Frequent itemset mining (FIM) is a fundamental research topic, which consists of discovering useful and meaningful relationships between items in transaction databases. However, FIM suffers from two important limitations. First, it assumes that all items have the same importance. Second, it ignores the fact that data collected in a real-life environment is often inaccurate, imprecise, or incomplete. To address these issues and mine more useful and meaningful knowledge, the problems of weighted and uncertain itemset mining have been respectively proposed, where a user may respectively assign weights to items to specify their relative importance, and specify existential probabilities to represent uncertainty in transactions. However, no work has addressed both of these issues at the same time. In this paper, we address this important research problem by designing a new type of patterns named high expected weighted itemset (HEWI) and the HEWI-Uapriori algorithm to efficiently discover HEWIs. The HEWI-Uapriori finds HEWIs using an Apriori-like two-phase approach. The algorithm introduces a property named high upper-bound expected weighted downward closure (HUBEWDC) to early prune the search space and unpromising itemsets. Substantial experiments on real-life and synthetic datasets are conducted to evaluate the performance of the proposed algorithm in terms of runtime, memory consumption, and number of patterns found. Results show that the proposed algorithm has excellent performance and scalability compared with traditional methods for weighted-itemset mining and uncertain itemset mining.
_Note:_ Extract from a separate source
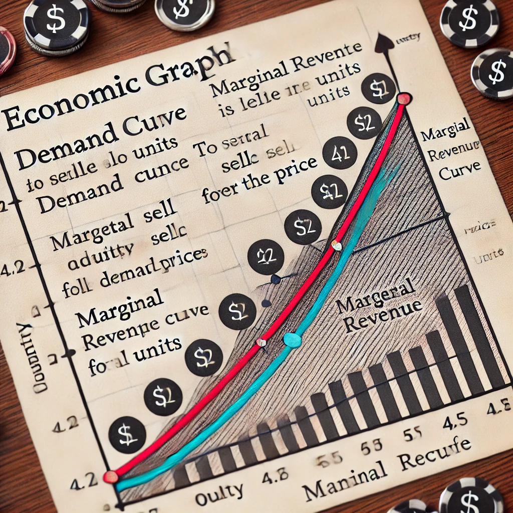 • Marginal Revenue Curve: The marginal revenue curve represents the change in total revenue from producing one more unit of output. In monopolistic or oligopolistic markets (where firms have market power), the marginal revenue curve is always below the demand curve. This happens because, in order to sell an additional unit, the firm must lower the price not only for the extra unit but for all units sold, which decreases the marginal revenue. In perfectly competitive markets, the marginal revenue curve is identical to the price line, as firms can sell any quantity at the prevailing market price.

机译:频繁项集挖掘(FIM)是一项基础研究主题,包括发现交易数据库中项之间的有用和有意义的关系。但是,FIM受到两个重要限制。首先,假设所有项目都具有相同的重要性。其次,它忽略了现实环境中收集的数据通常不准确,不精确或不完整的事实。为了解决这些问题并挖掘更多有用和有意义的知识,分别提出了加权和不确定项目集挖掘的问题,用户可以分别为项目分配权重以指定其相对重要性,并指定存在概率来表示交易中的不确定性。但是,没有一项工作可以同时解决这两个问题。在本文中,我们通过设计一种称为高期望加权项目集(HEWI)的新型模式和HEWI-Uapriori算法来有效发现HEWI,从而解决了这一重要的研究问题。 HEWI-Uapriori使用类似Apriori的两阶段方法找到HEWI。该算法引入了一个名为高上限预期加权向下闭合(HUBEWDC)的属性,以早日修剪搜索空间和没有希望的项目集。进行了现实生活和综合数据集的大量实验,以在运行时间,内存消耗和找到的模式数量方面评估所提出算法的性能。结果表明,与传统的加权项集挖掘和不确定项集挖掘方法相比,该算法具有优良的性能和可扩展性。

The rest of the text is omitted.